Originally, all Pinarello frames were steel.  Pinarello used Columbus tubing for most of the 1980s but with tubing by Oria in the lower models in 1989. The first non-Italian tube was Tange Prestige for the US-based Levis Cycling team headed by Michael Fatka and ridden by Andrew Hampsten, Steve Tilford, Roy Knickmann, Thurlow Rogers in the mid-1980s. As noted above, the Banesto Line introduced in 1993 exclusively utilized Oria tubing: Oria Cromovan, Oria ML34, and Oria ML25.  Throughout the 1990s until 2004, Pinarello produced frames from conventional steel tubing using lugs, oversize tubing, oversize aluminium with TIG welded joints, magnesium and frames of carbon fiber and other materials.

Models

Historical models

The Pinarello Montello SLX was a landmark model for Pinarello as this was the frame with which Pinarello achieved their first major pro victories. This model frame was one of the most responsive of the mid to late 1980s as shown by wins in events such as the 1984 Summer Olympics Road Race, Vuelta a España, the Giro d'Italia and stages of the Tour de France.
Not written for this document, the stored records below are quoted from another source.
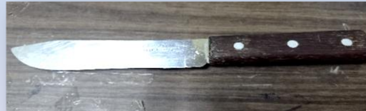
Arma cortopunzante (cuchillo) Utilizada para cometer delito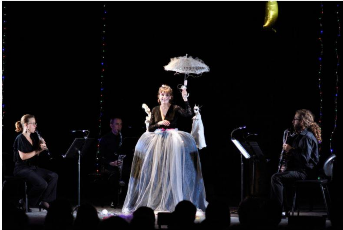
None Quartet

Il Giornale de la Musica, presse spécialisée italienne à l'occasion du festival d'Ambronay 2021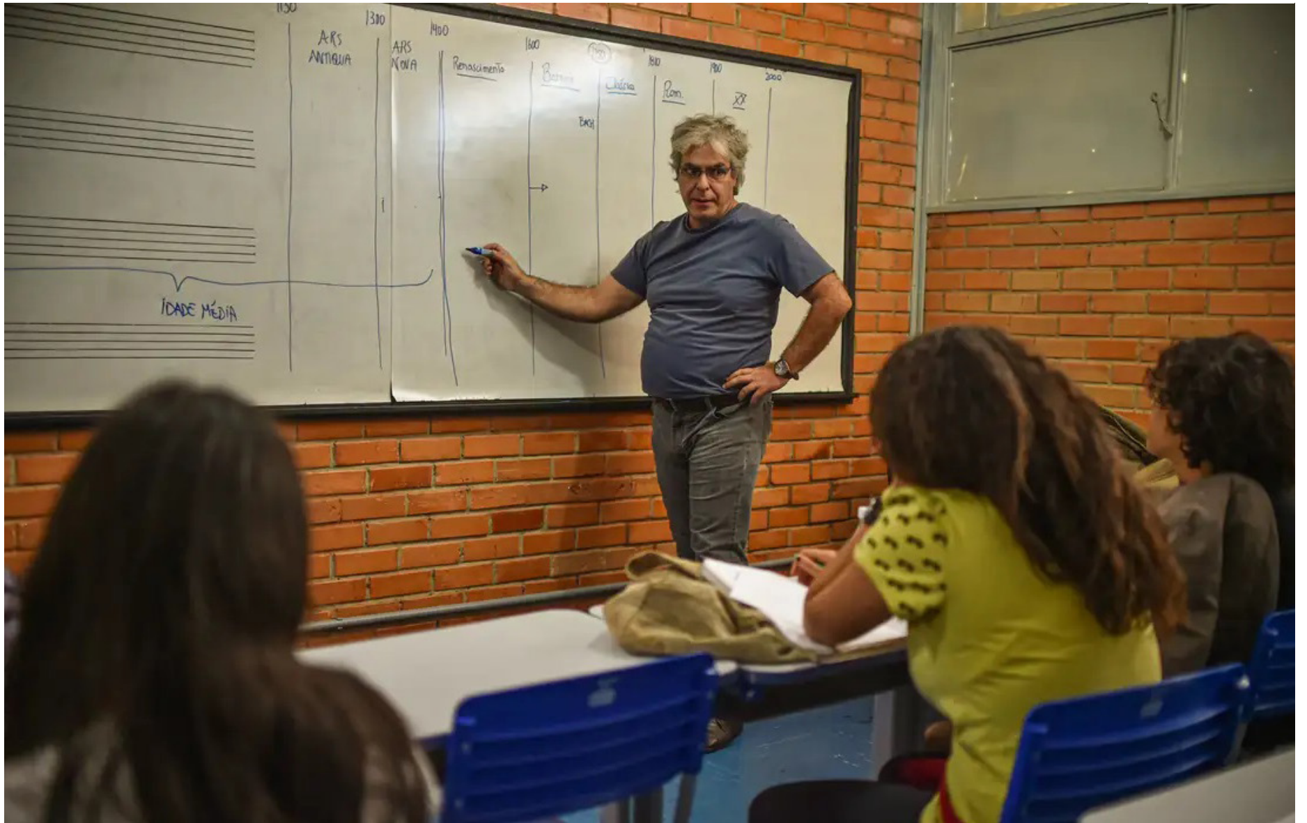
A MP também prevê a articulação com estados, municípios e o Distrito Federal

Um ato conjunto dos ministérios da Educação e da Fazenda vai definir valores, formas de pagamento, critérios de operacionalização e uso da poupança de incentivo à permanência e conclusão escolar. Os valores serão depositados em conta a ser aberta em nome do estudante, que poderá ser a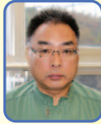
1級自動車/専攻科課長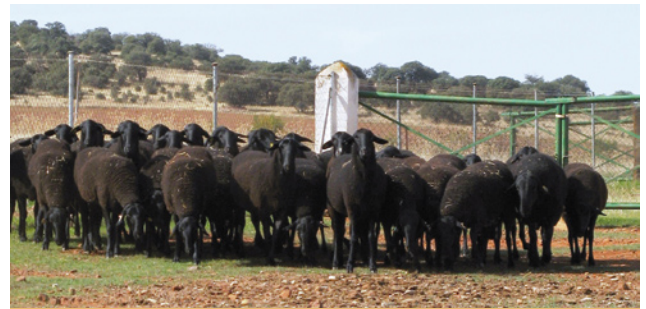
Uno de los objetivos del Programa Nacional es garantizar la conservación de las razas en peligro de extinción, como la manchega negra

Estudio, valorización y contribución de las razas ganaderas a la sociedad, diversificación de las zonas rurales, mejora de la calidad de vida y aspectos culturales.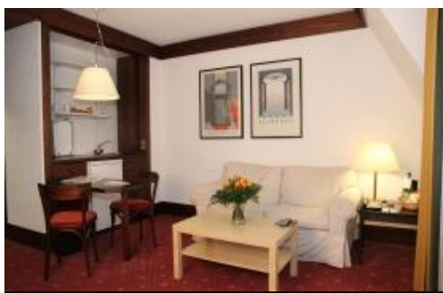
Superior – Appartement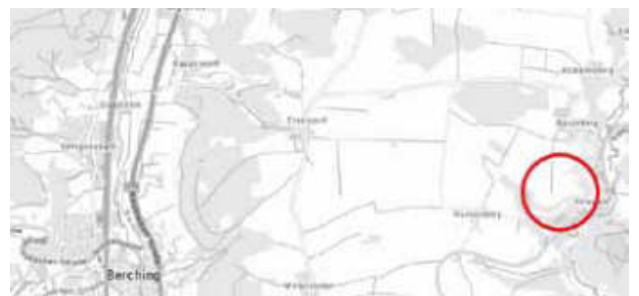
Abb. Übersicht Lage des Vorhabens

Für die Änderung des Flächennutzungsplanes mit integriertem Landschaftsplan ist vom Landratsamt Neumarkt i. d. OPf. mit Schreiben vom 26.07.2024, Az. 43-610-01-FNP-003 gemäß § 6 Abs. 4 Satz 4 BauGB für das nachstehend dargestellte Gebiet eine Fiktionsbescheinigung erstellt worden. Die Genehmigung der Änderung des Flächennutzungsplanes gilt auf Grund des Fristablaufs als erteilt.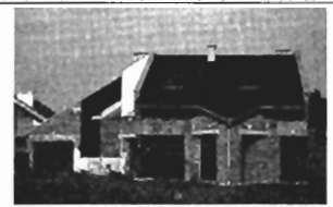
Zielonki - dz. 27 a, 270 m 2 , stan surowy zamknięty, raty! Cena 169.000 zł, P-222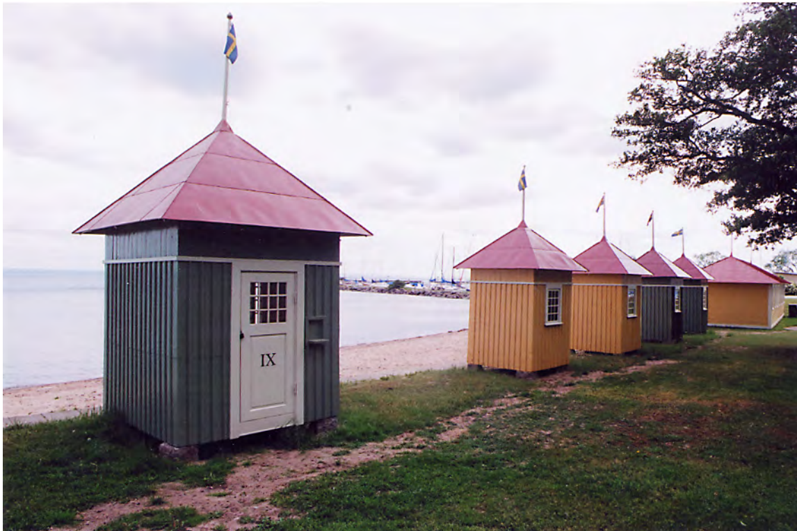
Biljettkiosken till vänster är den enda som har en dörr in mot land. Här var den ursprungliga entrén till badet. De fyra södra hytterna till höger. 14 jun. 2011.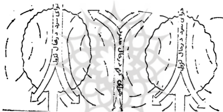
شکل ۵ - طرز گردش هوا در یک باغ میوه گرما داده شده ( کوانتا، ص ۱۸۰ )

۱. حفاظت به وسیله بخاری : بهتر است از تعداد بیشتری بخاری با شعله کم نسبت به بخاری کمتر با شعله زیاد استفاده شود. تعداد بخاری‌های مورد نیاز بستگی به نیاز حرارتی و عوامل اقتصادی دارد. گرم کردن هوایی که پیرامون باغ وارد می‌شود، راندمان مبارزه با سرما را بالایی‌برد. در یک طرح کلی برای هر دو درخت یک بخاری کفایت می‌کند ( شکل ۵ ) .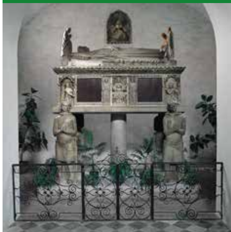
MONUMENTO DI RIZZARDO SANTA GIUSTINA

Gusteremo la bellezza di camminare in un paesaggio ricco di storia e di bellissimi scorci naturalistici!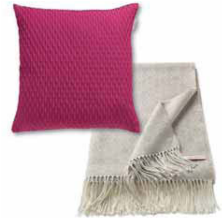
PLAID DORO 150 x 180 cm € 49,99 CUSHION COVER BEAT 45 x 45 cm € 15,99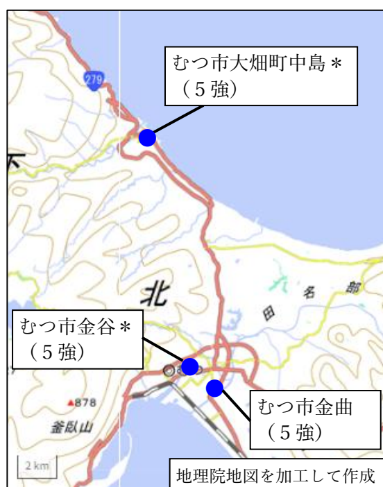
図 2 領域 A 詳細図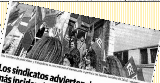
Una treintena de sindicalistas y trabajadores se concentraron el viernes ante la gerencia del Servicio Cantabro de Salud.

Mientras las organizaciones sindicales convocabantes de la huelga consideran que la participación de los trabajadores fue notable, fuentes oficiales de la Consejería de Sanidad, sostienen que el seguimiento ha sido limitado y apenas ha provocado alteraciones asistenciales.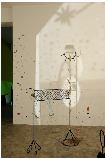
Dineo Seshee Bopape, Reneilwe (we are given) . De la instal·lació «Sedibeng, (It comes with the rain)», 2016. Acer pintat, filferro, corda, herbes, amulets, plomes, fusta, adhesius de vinil, mirall, estructura, 223 x 128 x 40 cm, mirall 34 x 0,6 cm. Edició: 3 + 2 P.A. Es Baluard Museu d'Art Contemporani de Palma,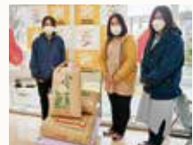
お米を市内の保育園へ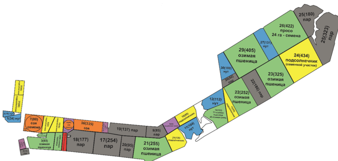
Рис. 2. Структура посева на полигоне УНПО «Поволжье» в 2023 г.

Мелиоративный полигон УНПО «Поволжье» Вавиловского университета оборудован дождевальными машинами фирмы Lindsay (США) Zimmatic кругового действия, Zimmatic фронтального действия и ДМ «Кубань-ЛК1М» (Каскад) кругового действия [12].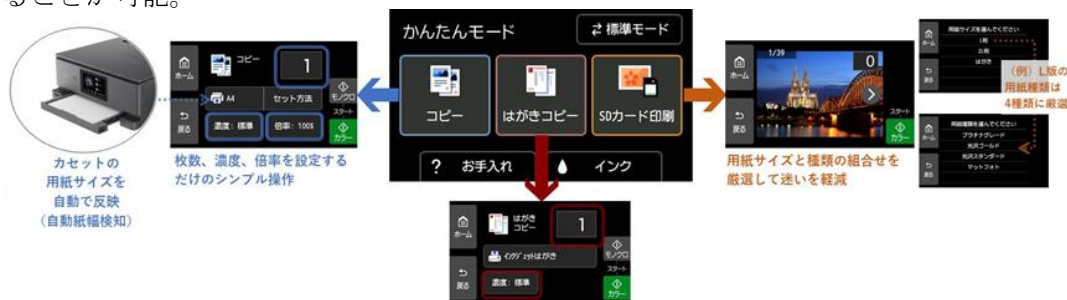
「かんたんモード」使用イメージ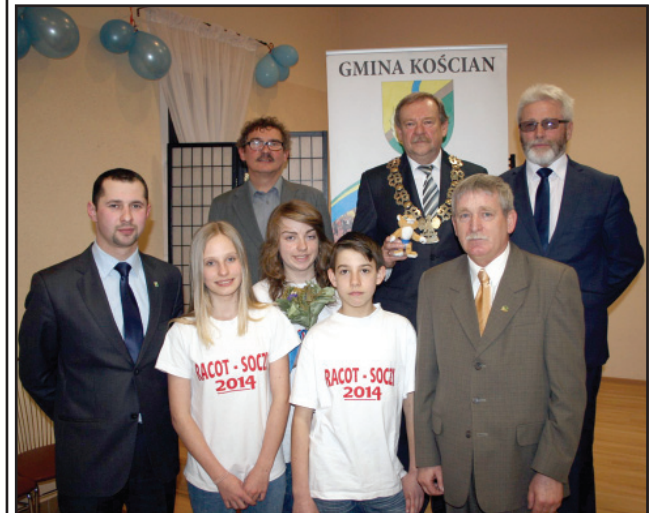
Uczestnicy wyjazdu podczas Sesji Rady Gminy Kościan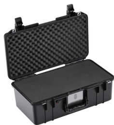
1506WF With Foam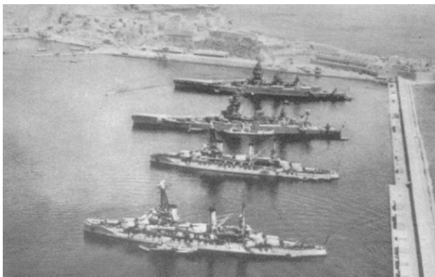
В ночь на 3 июля 1940 г. английские подразделения за-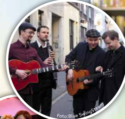
Foto: Blue Swing Steam

Im Rahmen der Städtereionalen Kulturtage präsentieren „Blue Swing- Steam“ Swing der 30er und 40er Jahre mit Klassikern und weniger bekannten Perlen der Swing-Ära. 19 Uhr im Dorfgemeinschaftshaus Kesternich, Tickets online erhältlich.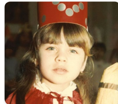
Egykor az Attila utcai óvodai farsangon

A játék tetszett, az óvodások kis tudósokként lelkesen válaszoltak a kérdéseimre. A gyerekekben nem szoktunk csalódní: mindig bölcsék, és sokat segítenek a nyelvész kutatóknak. Most sem volt ez másként: a válaszok nagyon okosak voltak és látszott, hogy a hajdúnánási gyerekek még rengeteg izgalmas dolgot fognak nekem mesélni a két helyben használt nyelvváltozatról, ha tovább kérdezem őket. Világos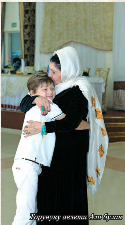
Торунуну авлети Али булан

Олахырынчы гюнлерине ерлиругъдан тюшмеди. Алда йимик гёзлери йыртыллай эди. Адабиятны, оъзюню сююмлю шаирлерини ва язвчуларыны гъакъында лакъыр чыгъып гетсе чи, авруву солкъ болуп, биз алдыбызда алдагъы Фазу анабызны гёре эдик. Узакъ ахшамлар къайсы буса да бир белгили асарны арагъа салып ойлашагъан кюйлерибиз бола эди. Шогъар байлавлу гъарибиз оъз пикруларыбызны айта эдик. Бирбирде мени къаравларым тезден берли токъташып гелген къаравлагъа къаршы чыгъа эди. Фазу мени пикрумну якълайгъанда бек сююне эдим. Шо адабият булан байлавлу ахшамлар бизде китап охувгъа даимге сюювню тувдурду. — Охумакъ аз,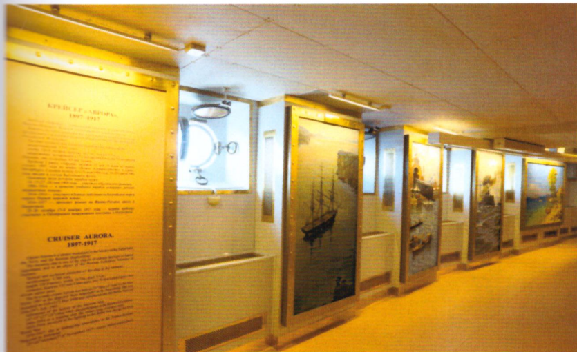
Интерьер зала № 1

На левом и правом бортах представлены живописные полотна, написанные художниками-маринистами Центрального военно-морского музея и отображающие важнейшие этапы боевого пути корабля.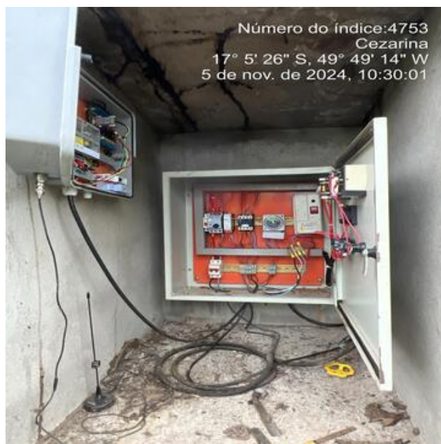
Foto 6 - Poço P1 com quadro de comando sem aviso de risco.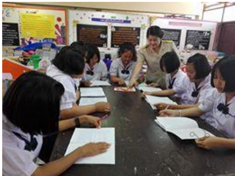
ภาพประกอบ 10 ครูที่ปรึกษาให้คำแนะนำการเลือกหัวข้อโครงการวิทยาศาสตร์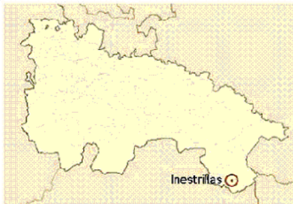
Ubicación de Inestrillas en La Rioja.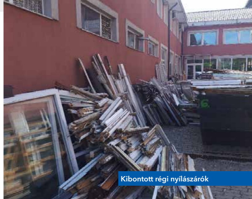
Kibontott régi nyílászárók

ban 60/40°C, hmv termelő üzemmódban 70/50°C névleges hőmérsékletszinten. A hőtermelő rendszerből fűtési üzemmódban időjárás követő menetrend szerint történik a hő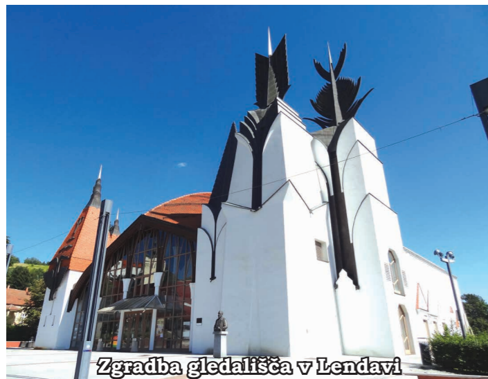
Zgradba gledališča v Lendavi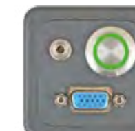
VGA + AUDIO + TASTER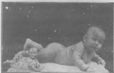
AGUSTIN SABELLO BRENQUER

Dedico mi más afectuosa felicitación á tan simpática pareja, deseando poder consignar cuanto antes la fecha de su boda.

The Montello had a brake cable through the top tube, chrome sloping front fork and chrome on the drive side chain stay; later models had the full rear triangle chromed.  The Montello SLX was in red, blue and Spumoni.  Pinarellos from the mid-1980s often have the decals restored by owners as factory-applied decals where prone to flaking off.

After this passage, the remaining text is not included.